The researchers pointed out that this mechanism of cell assembly formation via oscillatory phase coupling is selective. Two neurons that are sensitive to different frequencies or to different spatial coupling patterns will exhibit independent activity, no matter how close they are spatially, and will not be part of the same assembly. Conversely, two neurons that prefer a similar pattern of coupling will exhibit similar spiking activity over time, even if they are widely separated or in different brain areas.
“It is like the radio communication between emergency first responders at an earthquake,” Canolty said. “You have many people spread out over a large area, and the police need to be able to talk to each other on the radio to coordinate their action without interfering with the firefighters, and the firefighters need to be able to communicate without disrupting the EMTs. So each group tunes into and uses a different radio frequency, providing each group with an independent channel of communication despite the fact that they are spatially spread out and overlapping.”
The authors noted that this local-to-global relationship in brain activity may prove useful for improving the performance of brain-machine interfaces, or lead to novel strategies for regulating dysfunctional brain networks through electrical stimulation. Treatment of movement disorders through deep brain stimulation, for example, usually targets a single area. This study suggests that gentler rhythmic stimulation in several areas at once may also prove effective, the authors said.
Other co-authors of the study are Jonathan Wallis, UC Berkeley associate professor of psychology; Dr.

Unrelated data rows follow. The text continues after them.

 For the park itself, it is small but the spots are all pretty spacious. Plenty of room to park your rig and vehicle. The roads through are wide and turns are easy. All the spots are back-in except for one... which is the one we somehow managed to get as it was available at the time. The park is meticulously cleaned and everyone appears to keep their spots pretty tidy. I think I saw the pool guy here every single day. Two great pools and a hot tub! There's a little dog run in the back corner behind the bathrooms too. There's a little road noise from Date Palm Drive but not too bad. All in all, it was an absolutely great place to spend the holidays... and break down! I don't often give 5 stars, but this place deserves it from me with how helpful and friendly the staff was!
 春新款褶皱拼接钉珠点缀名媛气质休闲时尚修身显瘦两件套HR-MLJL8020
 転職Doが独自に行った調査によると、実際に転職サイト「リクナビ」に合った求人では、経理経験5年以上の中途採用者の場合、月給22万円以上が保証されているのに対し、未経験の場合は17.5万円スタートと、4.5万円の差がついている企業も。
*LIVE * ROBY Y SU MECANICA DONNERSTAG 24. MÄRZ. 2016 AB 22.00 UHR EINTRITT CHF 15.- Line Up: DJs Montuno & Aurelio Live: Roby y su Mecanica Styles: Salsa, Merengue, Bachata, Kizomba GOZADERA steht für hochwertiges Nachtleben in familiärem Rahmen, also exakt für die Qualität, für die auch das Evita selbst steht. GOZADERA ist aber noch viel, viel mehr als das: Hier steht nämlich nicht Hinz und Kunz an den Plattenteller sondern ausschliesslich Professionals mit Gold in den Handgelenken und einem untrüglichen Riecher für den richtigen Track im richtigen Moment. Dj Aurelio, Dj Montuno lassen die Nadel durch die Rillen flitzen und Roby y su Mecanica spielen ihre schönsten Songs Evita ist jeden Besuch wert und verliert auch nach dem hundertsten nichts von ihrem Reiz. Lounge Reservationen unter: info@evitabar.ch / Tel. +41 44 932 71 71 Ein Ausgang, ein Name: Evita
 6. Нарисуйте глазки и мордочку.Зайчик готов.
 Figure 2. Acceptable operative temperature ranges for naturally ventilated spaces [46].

Karunesh Ganguly, UC Berkeley post-doctoral fellow in the Carmena lab and staff scientist at the San Francisco Veterans Affairs Medical Center; Steven Kennerley, now a senior lecturer at University College London’s Institute of Neurology; Charles Cadieu, UC Berkeley post-doctoral researcher in neuroscience; and Kilian Koepsell, UC Berkeley assistant researcher in neuroscience.
The National Institutes of Health, National Science Foundation, U.S. Department of Veterans Affairs, American Heart Association, Defense Advanced Research Projects Agency and the Multiscale System Center helped support this research.